Some of this huge amount of works by Ishikawa Takuboku managed to be published. In addition, he worked as a proofreader in one of the capital's newspapers, was an employee of the editorial office of the literary magazine Pleiades. So, a year after his arrival in Tokyo, he had the opportunity to call his mother and wife; A little later, my father arrived. The financial situation of the family gradually became better - more precisely, it approached the subsistence level. But the half-starved life of previous years brought its terrible consequences - tuberculosis appeared in the family. First, the little son who was born in October 1910 died.
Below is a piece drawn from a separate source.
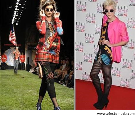 La combinación dicromática de los colores rosa chicle (o fosforecente) y negro, las leggings largas, los tacones altos de aguja y el estampado de flores rojas proyectados en diseños de cortes y medidas atrevidos son bandera de la moda punk.
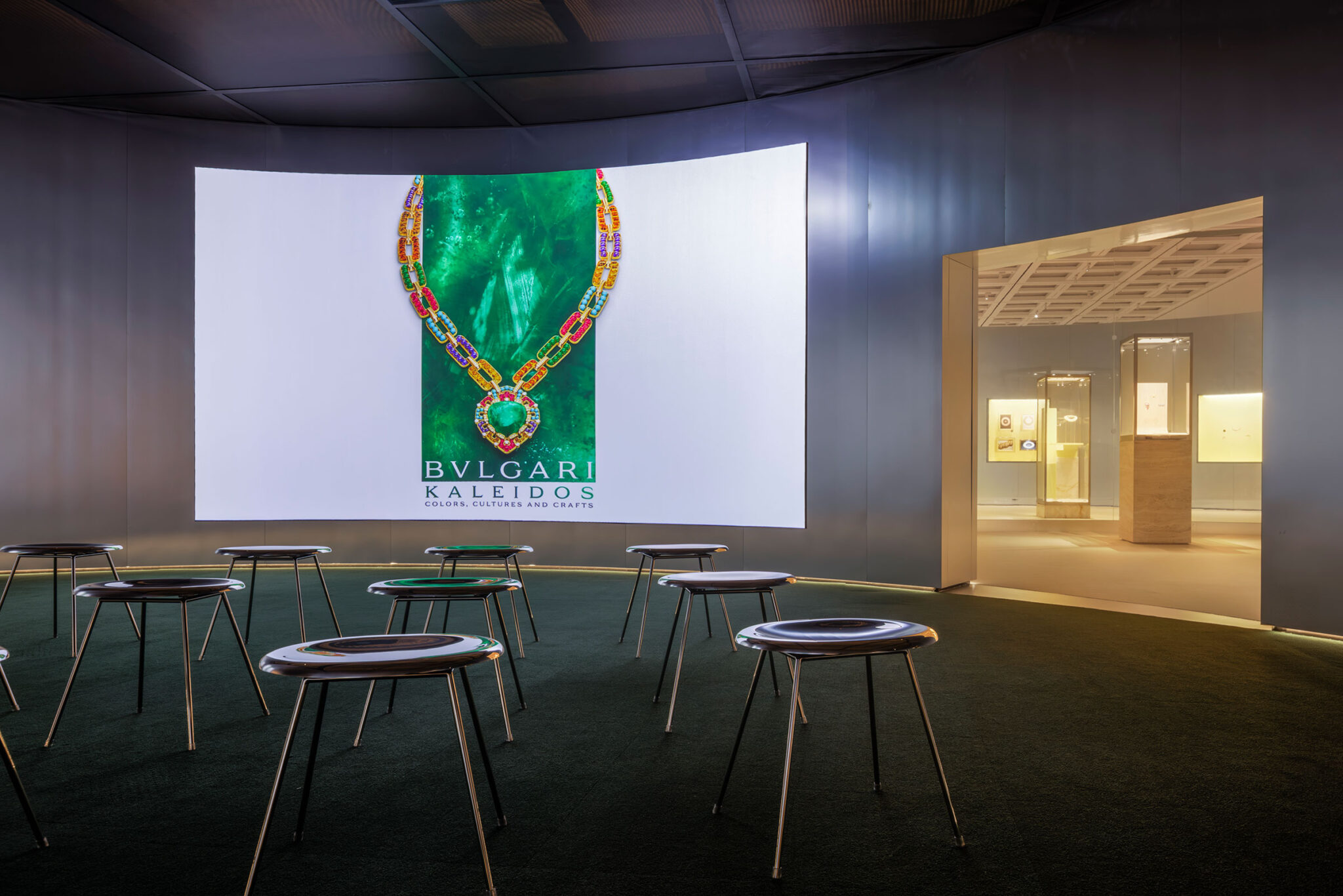 ハイジュエリー、ブルガリ・ヘリテージ・コレクションのクリエーション、現代アート、ブルガリ・ヒストリカル・アーカイブからの貴重な資料、そして没入型のインスタレーションが取り混ぜられた本展覧会は、さまざまな創造性と心を揺さぶる体験が次々と現れる万華鏡のような展覧会です。映像、インタラクティブな空間、芸術的な対話がブルガリの色彩の世界に命を吹き込む多面的な旅を通して、宝石と貴金属を自在に操るメゾンの卓越した技量を堪能していただけるでしょう。

This bereavement hastened the death of Ishikawa Takuboku himself. He died on April 13, 1912. A month before, already doomed, he buried his mother. Ishikawa Takuboku's second daughter was born two months after his death. A year later, she became an orphan - in May 1913, Setsuko, the wife of Ishikawa Takuboku, died.

April is called "Takuboku month" in Japanese. Every year on April 13, Japan celebrates his day of remembrance. Ishikawa Takuboku became the founder of the realistic direction in the form of a tank. And not only the founder - so far not a single Japanese poet has reached in tanka those peaks of realistic skill that were available to the genius Ishikawa Takuboku.

Ishikawa Takuboku's five-line style is distinguished by its extreme simplicity of expression and at the same time deep psychologism, the absence of the slightest deliberateness, and through this - some imperfection of the bill of form. A friend of Ishikawa Takuboku, the poet Wakayama Bokusui wrote: "Sometimes it seems that, having forgotten, he is talking to himself, as if he is taking a breath." In these “self-talks”, Ishikawa Takuboku quite often violated the canon p "yativirsha tanka (1st and 3rd lines - five syllables, 2nd, 4th and 5th - seven), reducing or, more often, The clumsiness, from a formal point of view, of some of the five lines of Ishikawa Takuboku is, of course, not due to a lack of artistic skill (in the collection Thirst, he proved the opposite). , philologist and poet of the 8th century: "... sincere human feelings- gentle, unequal and even unreasonable. And since poetry is something that describes feelings, it befits it to be in harmony with feelings, that is, to be uneven, angular and not smoothed.

But the main merit of Ishikawa Takuboku is not in the “deepening” of the form poetic miniature(in the triverses of the 17th-century poet Matsuo Basho there are also more significant "liberties") and not in the fact that in his tanka he began to widely use the words of lively, folk speech instead of book vocabulary. The innovation of Ishikawa Takuboku is, first of all, the decisive democratization of the content of the "short song". Many of the stamps of the medieval tank have already been abandoned by the romantics. But even in their works, the two main themes of the classical p "yativirsh remained the main ones: nature and love. In the Ishikawa Takuboku tank, these themes no longer dominate the others. The theme of his five-line poems is the most uniform, she knows neither sympathy nor restrictions.

Such a democratic content was characteristic of the poetic genre of haiku, which flourished in the 17th-18th centuries. So, we can say that Ishikawa Takuboku made a certain synthesis of the tanka form and the haiku genre.

Some works of Ishikawa Takuboku were translated into Ukrainian by G. Turkov and M. Fedorishin.